_Provided records_:
·····

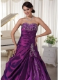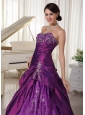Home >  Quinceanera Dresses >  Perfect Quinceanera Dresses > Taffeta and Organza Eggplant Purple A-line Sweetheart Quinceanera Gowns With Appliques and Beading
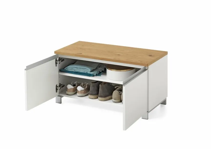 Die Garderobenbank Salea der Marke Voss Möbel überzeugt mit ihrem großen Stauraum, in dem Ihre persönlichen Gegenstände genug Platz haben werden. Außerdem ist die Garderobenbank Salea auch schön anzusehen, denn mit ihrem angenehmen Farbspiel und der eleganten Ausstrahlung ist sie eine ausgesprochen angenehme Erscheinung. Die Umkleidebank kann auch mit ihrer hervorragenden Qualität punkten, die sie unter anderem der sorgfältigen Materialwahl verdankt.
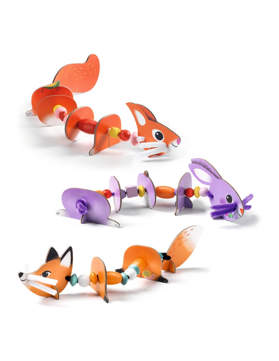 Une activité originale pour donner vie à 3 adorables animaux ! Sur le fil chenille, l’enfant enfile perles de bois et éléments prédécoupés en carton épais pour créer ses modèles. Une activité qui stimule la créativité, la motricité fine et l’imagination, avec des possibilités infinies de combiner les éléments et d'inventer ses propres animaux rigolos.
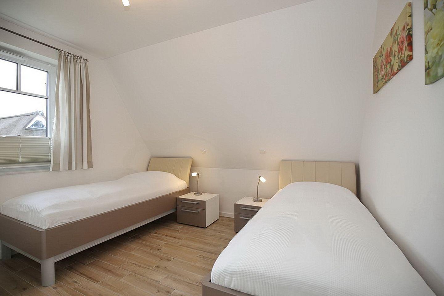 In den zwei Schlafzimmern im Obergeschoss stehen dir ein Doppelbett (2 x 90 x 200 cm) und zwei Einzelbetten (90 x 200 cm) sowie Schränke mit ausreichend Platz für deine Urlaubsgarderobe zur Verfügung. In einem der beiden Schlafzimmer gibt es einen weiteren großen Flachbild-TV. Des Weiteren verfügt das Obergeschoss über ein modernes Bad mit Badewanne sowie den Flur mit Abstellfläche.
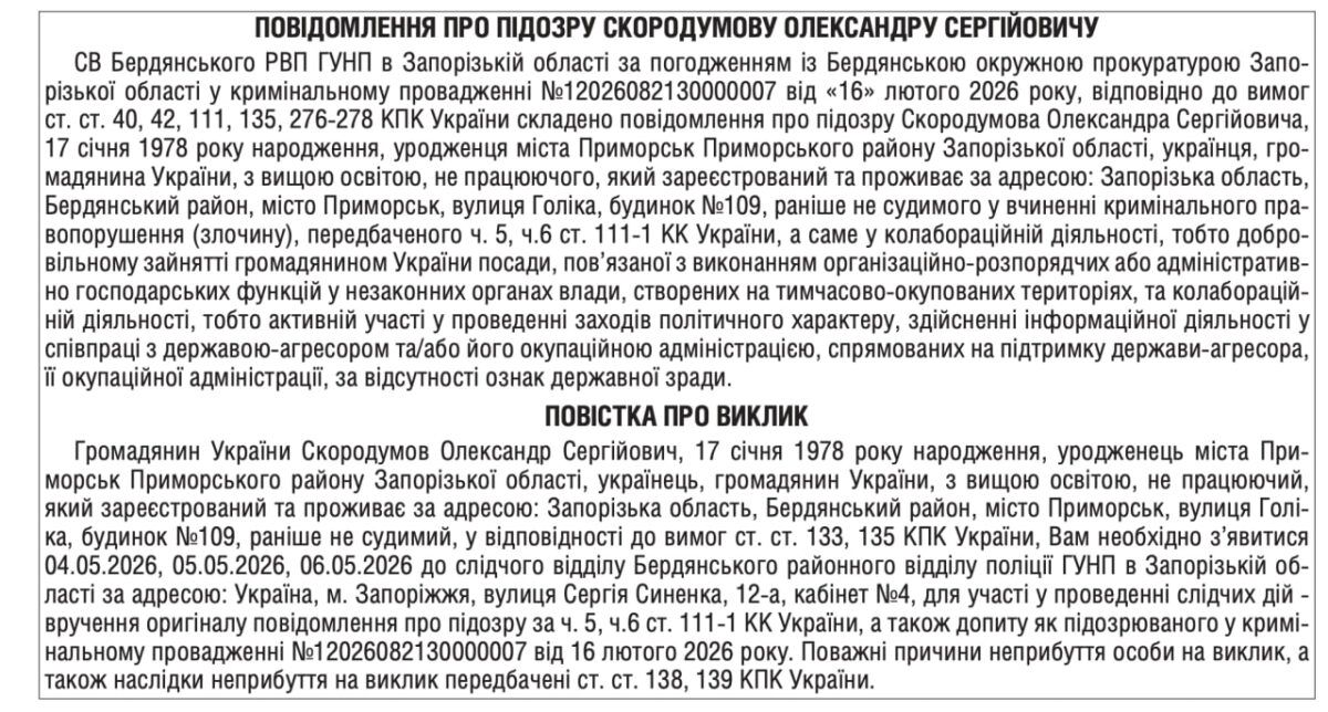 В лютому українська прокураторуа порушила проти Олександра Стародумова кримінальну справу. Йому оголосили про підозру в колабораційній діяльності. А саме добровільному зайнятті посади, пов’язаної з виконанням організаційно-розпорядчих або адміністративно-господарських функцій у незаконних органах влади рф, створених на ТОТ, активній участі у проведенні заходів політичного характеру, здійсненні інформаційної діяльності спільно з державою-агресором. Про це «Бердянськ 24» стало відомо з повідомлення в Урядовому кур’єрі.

·····

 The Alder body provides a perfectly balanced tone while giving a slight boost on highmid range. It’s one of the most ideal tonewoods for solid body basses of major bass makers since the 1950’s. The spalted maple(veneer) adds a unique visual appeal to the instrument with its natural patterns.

·····

_Exercise requirements_: Within the listing above, find the line containing "In den zwei" and the line containing "В лютому українська". Transcribe them and everything between them exactly, leaving out the pictures.

_Answer space_:
 In den zwei Schlafzimmern im Obergeschoss stehen dir ein Doppelbett (2 x 90 x 200 cm) und zwei Einzelbetten (90 x 200 cm) sowie Schränke mit ausreichend Platz für deine Urlaubsgarderobe zur Verfügung. In einem der beiden Schlafzimmer gibt es einen weiteren großen Flachbild-TV. Des Weiteren verfügt das Obergeschoss über ein modernes Bad mit Badewanne sowie den Flur mit Abstellfläche.
 В лютому українська прокураторуа порушила проти Олександра Стародумова кримінальну справу. Йому оголосили про підозру в колабораційній діяльності. А саме добровільному зайнятті посади, пов’язаної з виконанням організаційно-розпорядчих або адміністративно-господарських функцій у незаконних органах влади рф, створених на ТОТ, активній участі у проведенні заходів політичного характеру, здійсненні інформаційної діяльності спільно з державою-агресором. Про це «Бердянськ 24» стало відомо з повідомлення в Урядовому кур’єрі.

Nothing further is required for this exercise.